[Date Prev][Date Next][Thread Prev][Thread Next][Date Index][Thread Index]

Re: [Condor-users] Checkpointing Errors



Hello,

On Tue, May 08, 2007 at 11:45:12AM -0500, Todd Tannenbaum wrote:
> Simon David Hammond wrote:
> >>Is Condor configured to send the checkpoint back to the condor_shadow 
> >>process, or have you configured a checkpoint server?
> >
> >We have configured a checkpoint server, it runs on what we identify as a 
> >server. So it has a HIGHPORT of 9500 and a LOWPORT of 9000.
> 
> Ugh.  Our apologies, and also our thanks....  I think you have found a bug.
> 
> Looking at the source code, it looks like HIGHPORT/LOWPORT is not 
> honored by the checkpoint server.  We will try to remedy this in the 
> next release.

Ok, here's the deal. :)

The checkpoint server will still require the well-known ports of 5651,
5652, 5653, and 5654 to be opened through the firewalls.
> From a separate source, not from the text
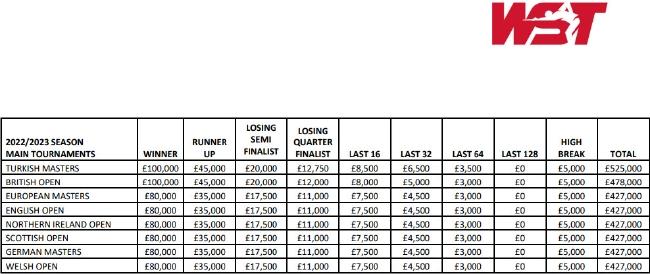 土耳其大师赛和英国公开赛的冠军奖金将提升到10万英镑。赢得英格兰、北爱尔兰、苏格兰和威尔士公开赛的那些球员,将赚到8万英镑,与德国大师赛和欧洲大师赛的冠军奖金相同。

However, the
checkpoint server child processes whose ephemeral port is given to the
user jobs and which perform the actual transfers are now bounded to
LOWPORT/HIGHPORT if available.

Note that this limits the concurrent number of store/restore requests to be
(HIGHPORT - LOWPORT) + 1.

This bug fix will appear in 6.8.6 and 6.9.3.

Thank you.

-pete